✨ Dataspark is now Alomana - The future of AI Autonomy
Engineering · Remote (Europe)
At Alomana, we're building an ecosystem of intelligent agents designed to handle complex, real-world workflows across finance, enterprise operations, and beyond. Our architecture combines reasoning capabilities, advanced models and innovative orchestration engines to enable agents that are robust, transparent, and modular. We're looking for engineers who want to shape the future of AI autonomy.
We are looking for a highly skilled AI Engineer to help us design, build, and maintain intelligent systems that can reason, plan, and interact with structured and unstructured data. You will work at the core of our AI stack, contributing to the development of autonomous agents, semantic reasoning frameworks, and data-enhanced workflows.

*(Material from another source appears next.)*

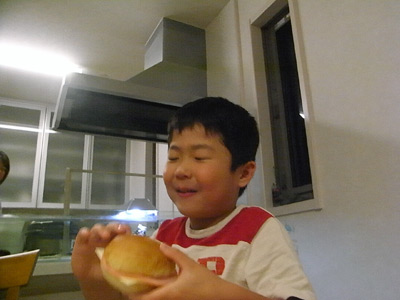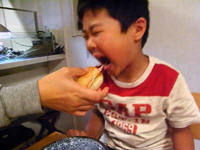 Sの食欲凄まじく、 今日も晩ご飯後に追加のパン。 |
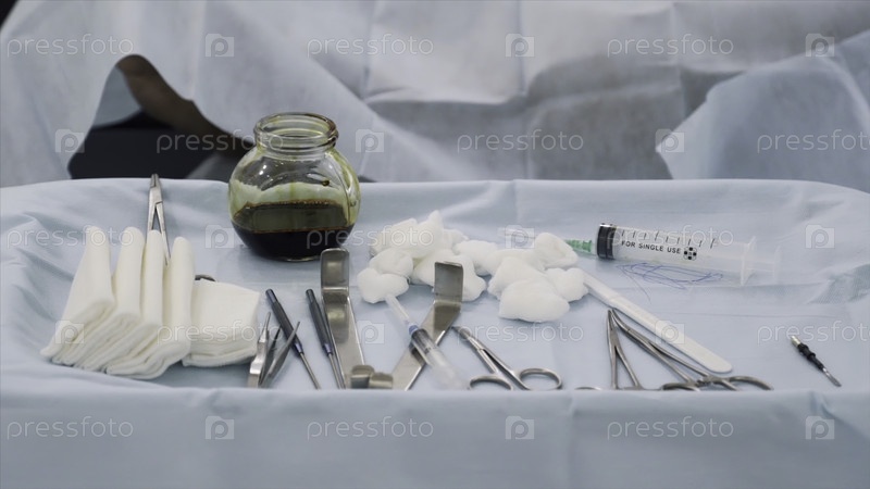 Закрытие медицинских инструментов, чашка с йодом и белые хлопковые шарики и стерильная марля - концепция медицины

This role requires a strong understanding of AI systems design, data pipelines, retrieval-augmented generation (RAG), and knowledge representation. You will collaborate closely with research engineers, product leads, and platform developers to implement scalable agent workflows that are interpretable and grounded in data.
• Design and implement AI agents capable of performing complex, multi-step tasks in real-world domains.
• Build and optimize data pipelines that integrate structured and unstructured sources for use in agent workflows.
• Implement and maintain retrieval-augmented generation (RAG) systems to enhance agent context and performance.
• Develop, maintain, and reason over knowledge graphs and memory systems used by agents.
• Contribute to the development of modular, scalable components in the agent architecture including planning, tool-use, and self-reflection layers.
• Collaborate with backend, product, and research teams to integrate AI capabilities into production-grade systems.
• Evaluate performance and robustness of agent behaviors and suggest improvements to architecture and design.
• Stay current with emerging trends in AI, including cognitive architectures, agentic workflows, and reasoning systems.
• 3+ years of experience in AI, machine learning, or related fields.
• Strong programming skills in Python and a deep understanding of AI system architectures.
• Experience designing and implementing intelligent agents or multi-component AI systems.
• Proficiency in retrieval-augmented generation (RAG), including integration with vector search and document stores.
• Experience working with or building semantic data structures such as knowledge graphs.
• Familiarity with modern data processing pipelines and API integrations.
• Demonstrated ability to build, evaluate, and improve autonomous decision-making systems.
• Strong problem-solving skills, with a balance between theoretical rigor and practical implementation.
• Excellent communication and collaboration skills.
• Experience in multi-agent systems or distributed AI architectures.
• Background in symbolic reasoning or hybrid AI techniques.
• Exposure to enterprise data systems, business workflows, or domain-specific AI applications.
• Contributions to open-source AI projects or published research in the field.
• Build state-of-the-art AI systems from the ground up.
• Work with a world-class team of engineers and researchers.
• Shape the future of AI in critical sectors like finance, enterprise ops, and decision automation.
• Flexible remote/hybrid work model.
• Competitive compensation, equity, and benefits.